- **TASK REQUIREMENTS**: Transcribe nothing except the lines below that run from the one with "تعرف على الفئات" to the one with "K18WG 華真珠ピアス(淡水真珠7ミリ) 0001", ends included, and do not copy any picture.

- **TASK INPUT**:
══════════════════════════════

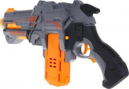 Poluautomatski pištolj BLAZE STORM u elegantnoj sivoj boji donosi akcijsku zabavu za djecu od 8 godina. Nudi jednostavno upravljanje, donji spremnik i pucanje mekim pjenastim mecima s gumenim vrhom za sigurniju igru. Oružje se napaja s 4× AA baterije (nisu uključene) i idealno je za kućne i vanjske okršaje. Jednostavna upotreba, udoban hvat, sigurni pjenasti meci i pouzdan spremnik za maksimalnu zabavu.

══════════════════════════════

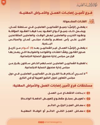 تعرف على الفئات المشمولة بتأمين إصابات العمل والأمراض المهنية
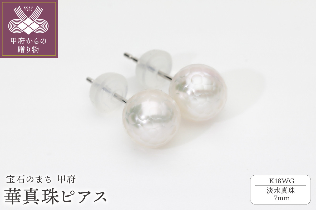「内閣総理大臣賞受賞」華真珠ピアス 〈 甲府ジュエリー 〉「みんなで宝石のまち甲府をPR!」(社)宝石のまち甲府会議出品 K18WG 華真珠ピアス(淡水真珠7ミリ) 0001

══════════════════════════════

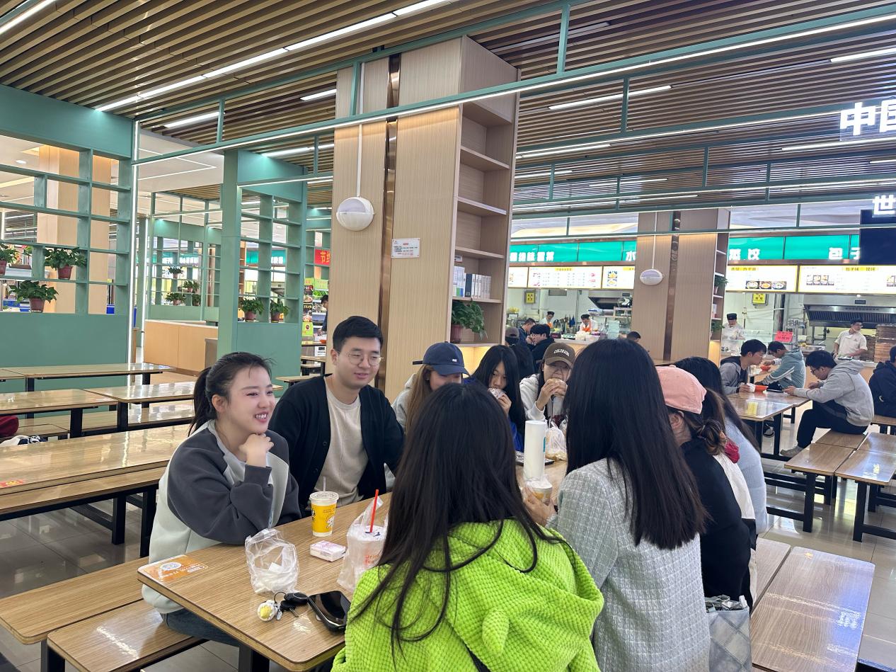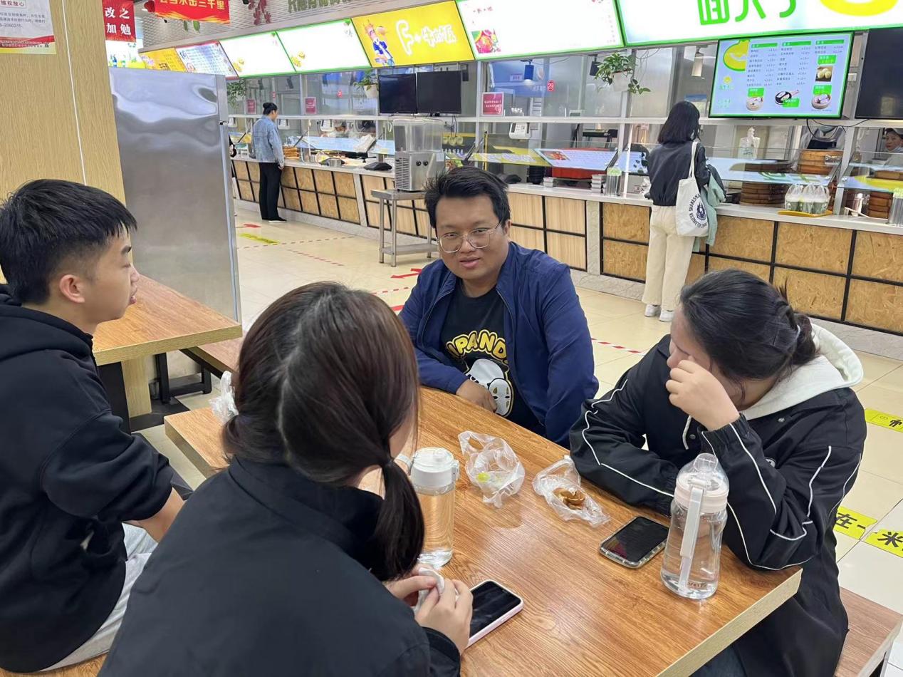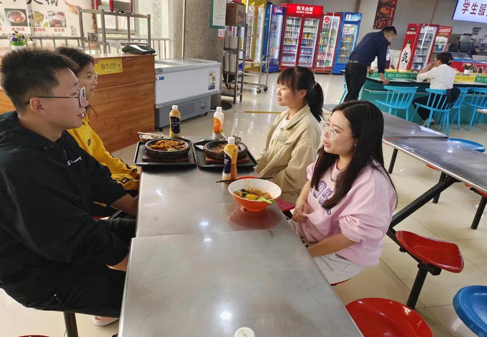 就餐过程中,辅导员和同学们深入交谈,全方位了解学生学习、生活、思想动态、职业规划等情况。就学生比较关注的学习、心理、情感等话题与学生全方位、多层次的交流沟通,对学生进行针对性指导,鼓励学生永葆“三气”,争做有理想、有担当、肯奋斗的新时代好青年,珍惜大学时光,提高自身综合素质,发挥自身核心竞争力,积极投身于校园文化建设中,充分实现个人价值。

══════════════════════════════

- **SOLUTION TO THIS TASK**:
 تعرف على الفئات المشمولة بتأمين إصابات العمل والأمراض المهنية
「内閣総理大臣賞受賞」華真珠ピアス 〈 甲府ジュエリー 〉「みんなで宝石のまち甲府をPR!」(社)宝石のまち甲府会議出品 K18WG 華真珠ピアス(淡水真珠7ミリ) 0001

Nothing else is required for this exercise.